• Directions:
One exact copy of the listing is needed. It should contain no pictures.

• Dataset content:
Start of Block

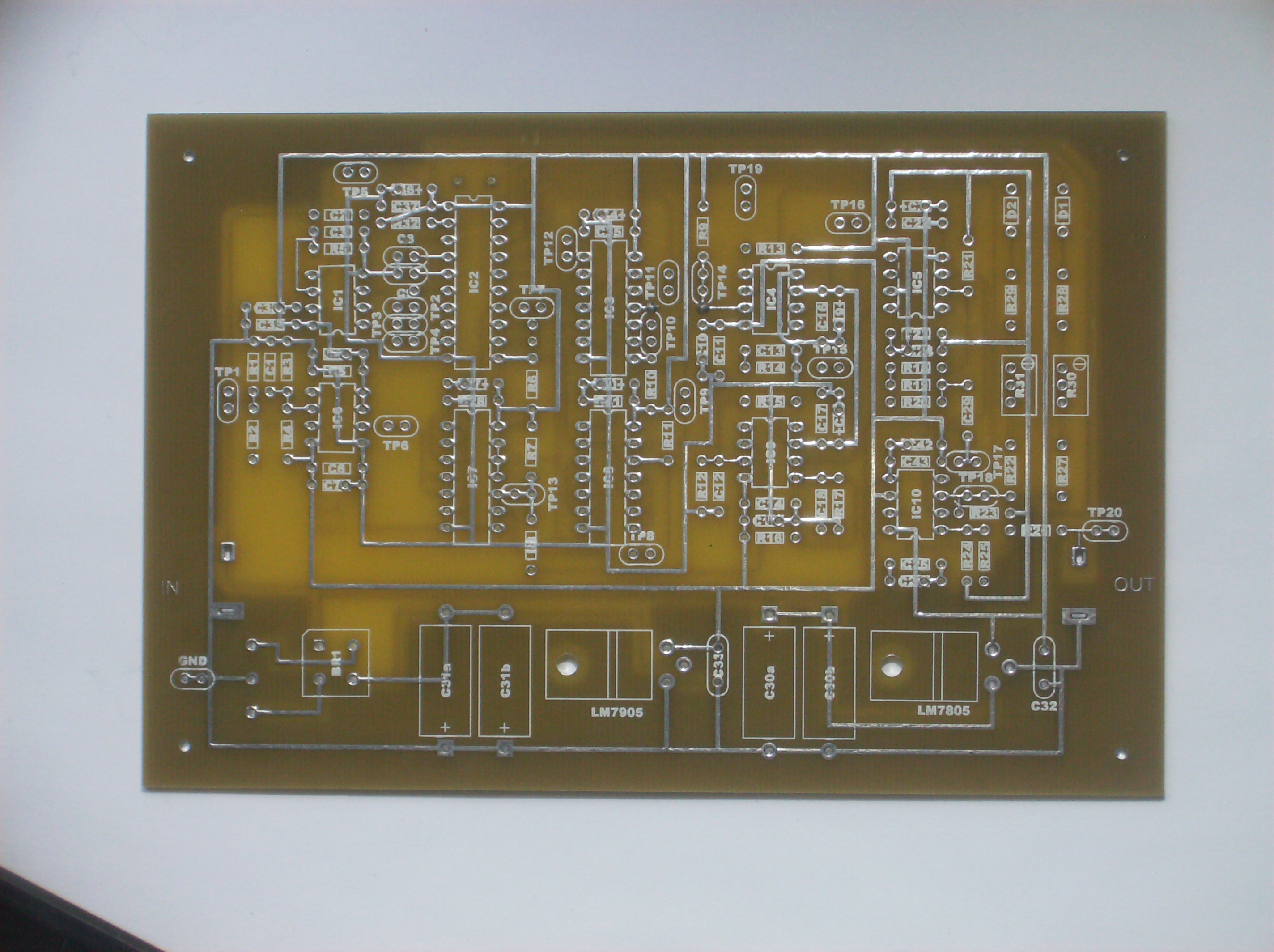The schematic diagrams, printed circuit board pattern, and N.C. drill patterns were completed using Diptrace software by Novarm. After a series of sub-cicuit testing, two prototype circuit boards were made in my home using photo-positive pcb manufacturing techniques, including uv exposure, developing, etching, and drilling. The parts were then soldered to the board. Pictures of this assembly steps are in the left section of this page. A program for the Atmel microcontroller was written in machine assembler language using Atmel Studio 4 IDE. The microcontroller was programmed using an Atmel STK500 programmer. Since the design proved to be a success, several boards were made by Advanced Circuits in Aurora, Colorado. An instruction manual was written to assemble this pcb as a kit soon after the patent was filed. The manual has a copyright registration number TXu001605040 issued 11-07-2007. A link to the document is available in the right page section. Links to the Series One schematic diagrams and the printed circuit board patterns are provided to the right.
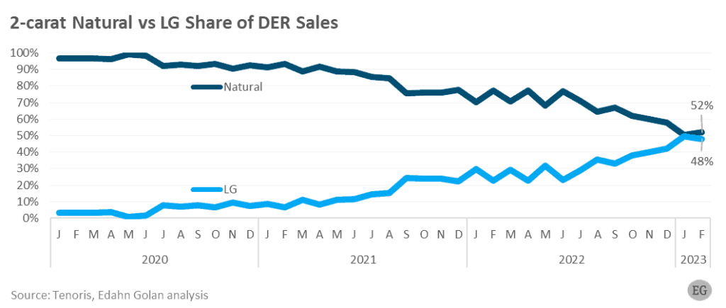 Younger buyers tend to prefer lab grown diamonds due to affordability and sustainability messaging. Traditional buyers still favor natural diamonds for emotional value and long-term worth.
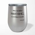 Personalised You Know Nothing Wine TumblerOur Personalised You Know Nothing 12oz tumbler is hand-printed with 'Personalised You Know Nothing' on both sides (front/back) of an insulated stainless s...

End of Block

• Your solution:
The schematic diagrams, printed circuit board pattern, and N.C. drill patterns were completed using Diptrace software by Novarm. After a series of sub-cicuit testing, two prototype circuit boards were made in my home using photo-positive pcb manufacturing techniques, including uv exposure, developing, etching, and drilling. The parts were then soldered to the board. Pictures of this assembly steps are in the left section of this page. A program for the Atmel microcontroller was written in machine assembler language using Atmel Studio 4 IDE. The microcontroller was programmed using an Atmel STK500 programmer. Since the design proved to be a success, several boards were made by Advanced Circuits in Aurora, Colorado. An instruction manual was written to assemble this pcb as a kit soon after the patent was filed. The manual has a copyright registration number TXu001605040 issued 11-07-2007. A link to the document is available in the right page section. Links to the Series One schematic diagrams and the printed circuit board patterns are provided to the right.
 Younger buyers tend to prefer lab grown diamonds due to affordability and sustainability messaging. Traditional buyers still favor natural diamonds for emotional value and long-term worth.
 Personalised You Know Nothing Wine TumblerOur Personalised You Know Nothing 12oz tumbler is hand-printed with 'Personalised You Know Nothing' on both sides (front/back) of an insulated stainless s...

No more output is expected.